Given information ::
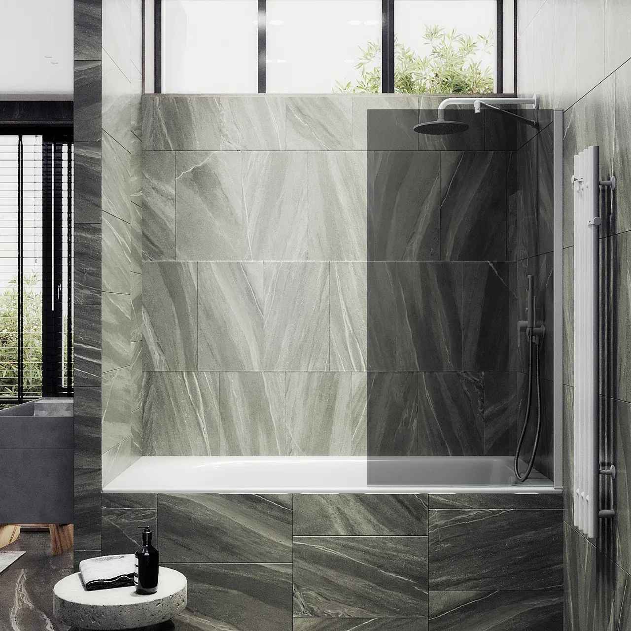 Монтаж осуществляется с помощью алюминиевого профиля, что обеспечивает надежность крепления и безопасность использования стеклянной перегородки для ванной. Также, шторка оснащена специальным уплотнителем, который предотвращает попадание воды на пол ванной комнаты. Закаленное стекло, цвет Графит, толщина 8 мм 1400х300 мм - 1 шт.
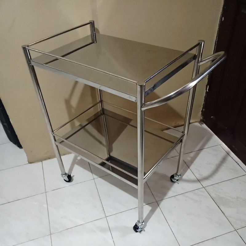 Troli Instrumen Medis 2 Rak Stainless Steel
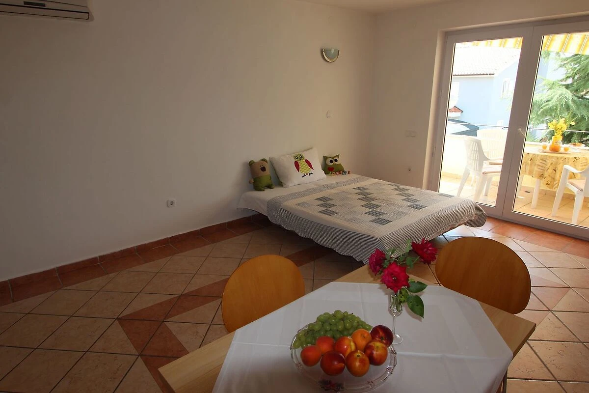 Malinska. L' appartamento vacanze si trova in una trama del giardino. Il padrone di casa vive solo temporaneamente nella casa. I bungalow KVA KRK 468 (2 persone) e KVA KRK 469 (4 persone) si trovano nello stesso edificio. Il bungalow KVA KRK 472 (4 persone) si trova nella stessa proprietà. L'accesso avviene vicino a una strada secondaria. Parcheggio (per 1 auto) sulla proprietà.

What to do :: Transcribe, word for word, only the material from its opening line through the line containing "Troli Instrumen Medis 2 Rak Stainless Steel", both ends included, and omit the pictures.

Exercise answer ::
 Монтаж осуществляется с помощью алюминиевого профиля, что обеспечивает надежность крепления и безопасность использования стеклянной перегородки для ванной. Также, шторка оснащена специальным уплотнителем, который предотвращает попадание воды на пол ванной комнаты. Закаленное стекло, цвет Графит, толщина 8 мм 1400х300 мм - 1 шт.
 Troli Instrumen Medis 2 Rak Stainless Steel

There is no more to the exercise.